**** Materials provided

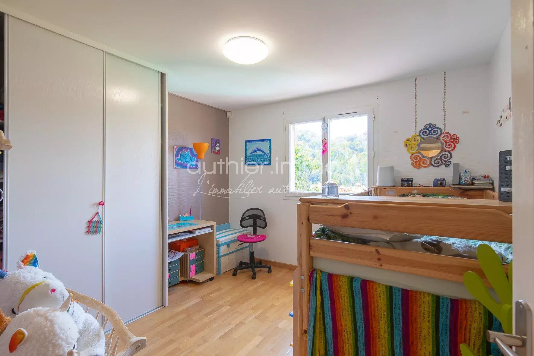 Sur le 2ème niveau de la maison qui est dédié aux espaces des enfants, un couloir distribue successivement trois chambres et une salle de bains avec WC.
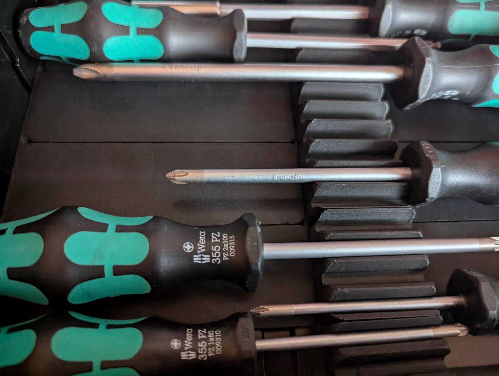 Mình đã cố gắng thiết kế phần giá đỡ có độ cong phù hợp với tất cả các loại tuốc nơ vít của mình.
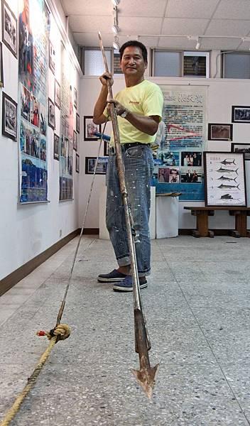 陳專豐捕漁50年,捐出當年捕捉鯨鯊的鏢槍,一方面讓後輩看見漁民辛苦,也見證台灣海洋保育史。記者李蕙君/攝影
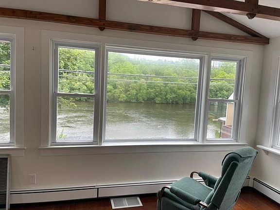 awesome waterfront property front yard goes right into the beautiful Lehigh River backyard is the DNL Trail which goes for hundreds of miles quiet neighbourhood on a private road Beautiful views from the house multiple decks and covered back porch offstreet parking
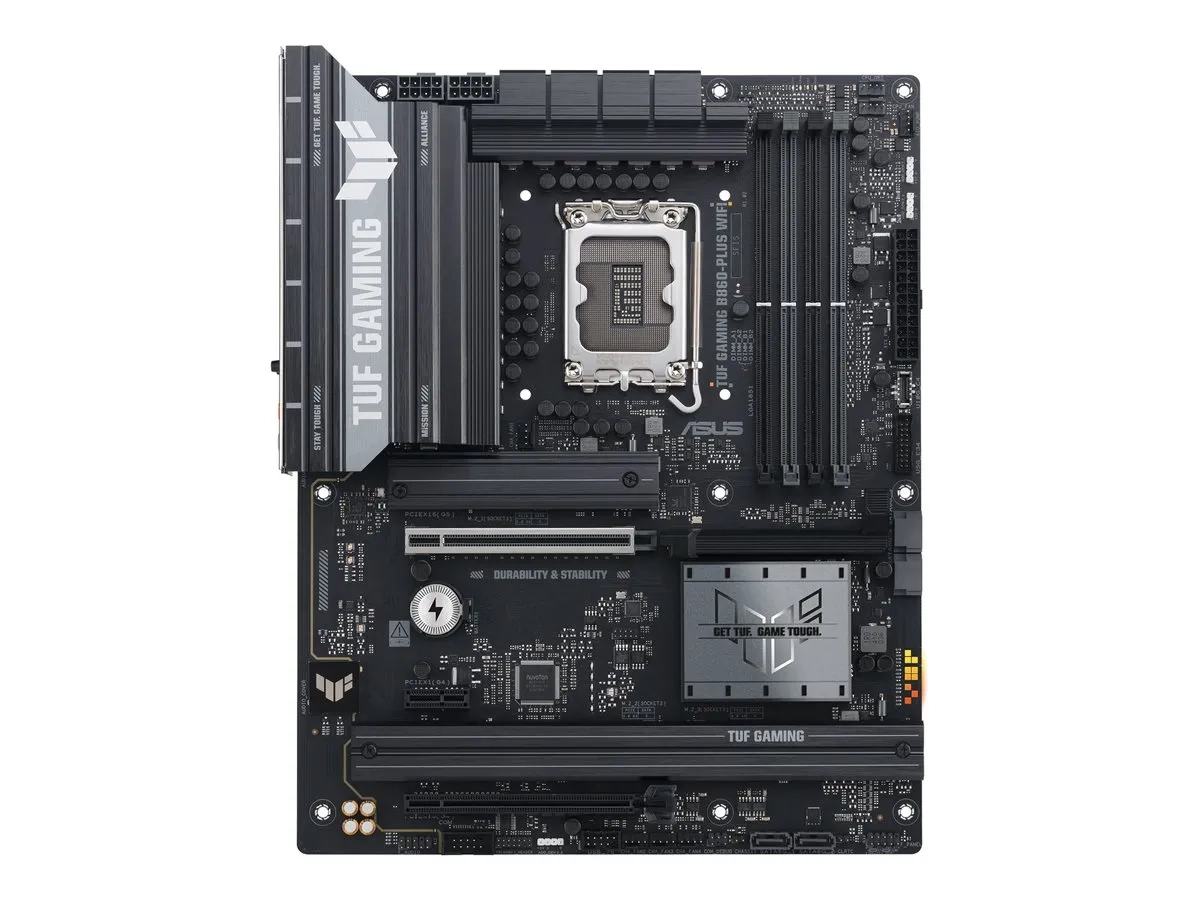 La carte mère ASUS TUF GAMING B860-PLUS WIFI offre une base solide pour les joueurs et les constructeurs à la recherche de capacités de haute performance. Dotée d'un chipset Intel B860, elle prend en charge les processeurs Intel Core Ultra (série 2) et présente un format ATX polyvalent. Cette carte mère comprend quatre emplacements DIMM pour la mémoire SDRAM DDR5, ce qui vous permet de bénéficier de vitesses de mémoire allant jusqu'à 4333 MHz (O.C.). Grâce à des solutions de refroidissement avancées telles que des dissipateurs M.2 et un dissipateur VRM, la carte mère maintient des températures optimales même pendant les sessions de jeu intenses.
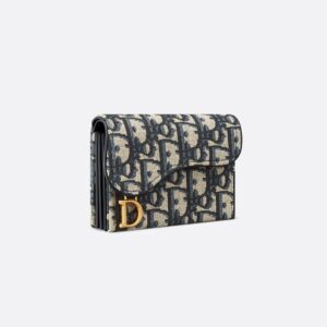 Dior Saddle Jasmine Gusset Card Holder In Oblique Motif Canvas Blue

********

Your instructions:
From the line that contains "Mình đã cố gắng" to the last line of the data, print each line exactly, both ends included, and omit the pictures.

Exercise output:
 Mình đã cố gắng thiết kế phần giá đỡ có độ cong phù hợp với tất cả các loại tuốc nơ vít của mình.
 陳專豐捕漁50年,捐出當年捕捉鯨鯊的鏢槍,一方面讓後輩看見漁民辛苦,也見證台灣海洋保育史。記者李蕙君/攝影
 awesome waterfront property front yard goes right into the beautiful Lehigh River backyard is the DNL Trail which goes for hundreds of miles quiet neighbourhood on a private road Beautiful views from the house multiple decks and covered back porch offstreet parking
 La carte mère ASUS TUF GAMING B860-PLUS WIFI offre une base solide pour les joueurs et les constructeurs à la recherche de capacités de haute performance. Dotée d'un chipset Intel B860, elle prend en charge les processeurs Intel Core Ultra (série 2) et présente un format ATX polyvalent. Cette carte mère comprend quatre emplacements DIMM pour la mémoire SDRAM DDR5, ce qui vous permet de bénéficier de vitesses de mémoire allant jusqu'à 4333 MHz (O.C.). Grâce à des solutions de refroidissement avancées telles que des dissipateurs M.2 et un dissipateur VRM, la carte mère maintient des températures optimales même pendant les sessions de jeu intenses.
 Dior Saddle Jasmine Gusset Card Holder In Oblique Motif Canvas Blue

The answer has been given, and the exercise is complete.